English trusts law case

Re Montagu's Settlement Trusts [1987] Ch 264 is an English trusts law case, concerning breach of trust and knowing receipt of trust property.

==Facts==
In December 1923, the future tenth Duke of Manchester assigned his trustees, under clause 14, 'all articles of furniture plate pictures and other chattels' that he would be entitled to after the ninth Duke’s death, and under clause 14(B) the trustees should make an inventory of the chattels, which would be included in the settlement, and hold the residue for the future tenth Duke absolutely. When the ninth Duke died in February 1947 the trustees did not make the inventory, and released them to the tenth Duke. His solicitor knew that this was not following clause 14(B), but said in a letter on 15 November 1948 that he was free to sell the items. The Duke sold some. He died in 1977. The eleventh Duke brought a claim for breach of trust by failing to make any selection or an inventory of the chattels, and release them all to the tenth Duke, who was a constructive trustee when he received them.

==Judgment==
Sir Robert Megarry VC held that the solicitor’s knowledge of clause 14(B) should not be imputed to the tenth Duke so as to affect his conscience. Even if the tenth Duke had known, he probably would not have remembered when he received the chattels. So although the trustees were in breach of their fiduciary duty in 1948, the Duke had received nothing as a constructive trustee. The touchstone of liability is unconscionability. There is a defence if one knows of a breach but genuinely forgets before receipt. One must have, at least, wilfully and recklessly failed to make inquiries that an honest person would. In his view there are some people who, though not sufficiently innocent to not be bona fide purchasers for value, they may not be sufficiently guilty or knowledgeable to be knowing recipients.

He said the following.

There is no suggestion that anyone concerned in the matter was dishonest. There was a muddle, but however careless it was, it was an honest muddle. Further, I do not think that the Duke was at any relevant time conscious of the fact that he was not entitled to receive the chattels and deal with them as beneficial owner…

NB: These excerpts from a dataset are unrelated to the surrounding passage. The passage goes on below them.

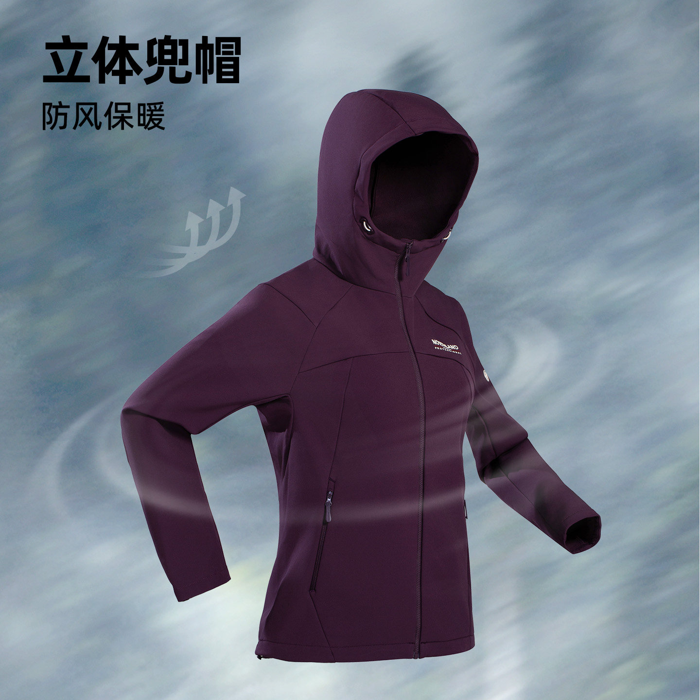 诺诗兰软壳衣女秋冬新款防风防泼透气加绒保暖徒步外套NTJFH2856S
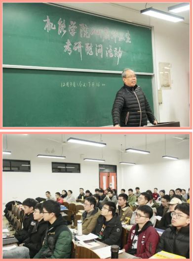 在同学们大三下学期时,学院召开考研动员会,向同学们介绍考研动态情况,为同学们提供有力保障,初始成绩公布之后,学院邀请资深教授、指导老师为上线同学进行全方位的复试指导。
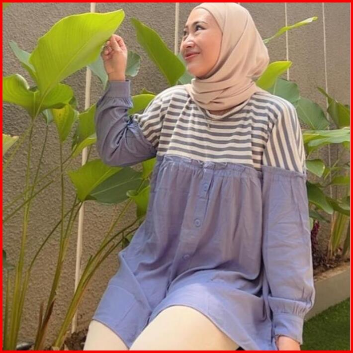 Fania Blouse Strip Rayon Knit Atasan Wanita Lengan Panjang Kombinasi Baju Cewek Casual Dewasa Katun Remaja Muslim Shakil
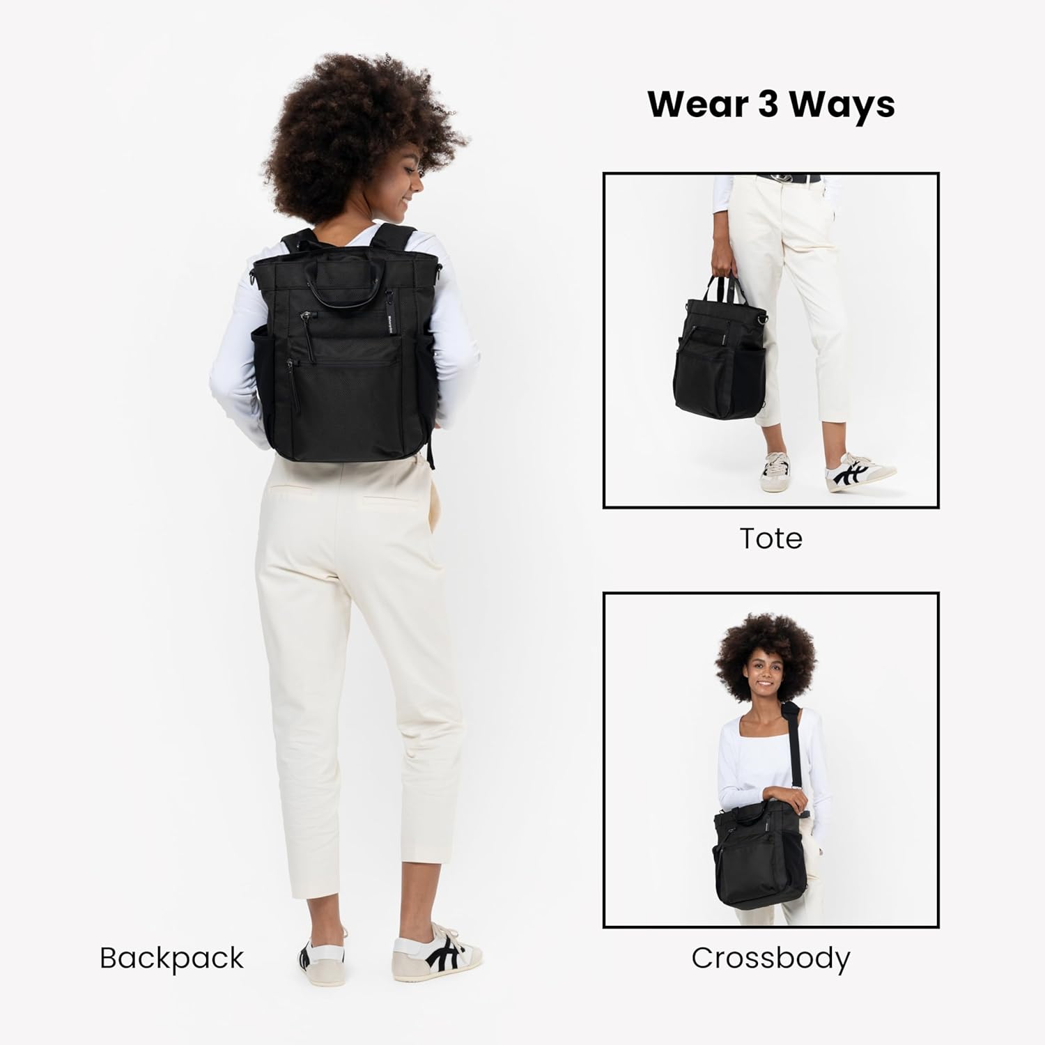 Sherpani Soleil, Anti Theft Convertible Backpack, 3 in 1 Tote Bag, Cross Body Purse, 18L Travel Backpack, Travel Gifts for Women, RFID Protection, Metal Hardware Fits 13” Laptop (Carbon)
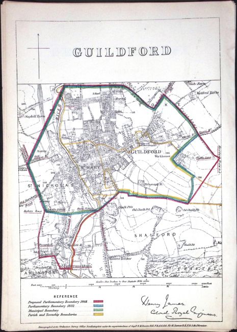 Guildford London Boundary Commission 157-Year-Old Coloured Antique Map.
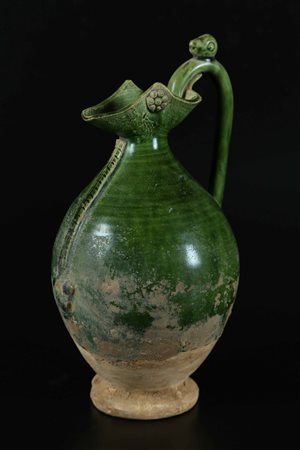 Lotto 15 Arte Cinese Brocca in terracotta invetriata di verde Cina, dinastia Song. -. Cm 6,70 x 24,00. Versatoio poggiante su disco caratterizzato da un ampio corpo globulare terminante in uno stretto beccuccio su cui si innesta l'ansa con poggiadito a forma di testa di animale. L'altro lato dell'oggetto mostra una decorazione a "spina" terminante con una testa bovina in rilievo. La spessa vetrina verde lascia scoperta solo la zona inferiore.

... the doctrines of purchaser without notice and constructive trusts are concerned with matters which differ in important respects. The former is concerned with the question whether a person takes property subject to or free from some equity. The latter is concerned with whether or not a person is to have imposed upon him the personal burdens and obligations of trusteeship. I do not see why one of the touchstones for determining the burdens on property should be the same as that for deciding whether to impose a personal obligation on a man. The cold calculus of constructive and imputed notice does not seem to me to be an appropriate instrument for deciding whether a man’s conscience is sufficiently affected for it to be right to bind him by the obligations of a constructive trustee...

[...]

(5) Whether knowledge of the Baden types (iv) and (v) suffices for this purpose [ie circumstances that would indicate facts to honest and reasonable person, or put him on inquiry] is at best doubtful; in my view, it does not, for I cannot see that the carelessness involved will normally amount to a want of probity.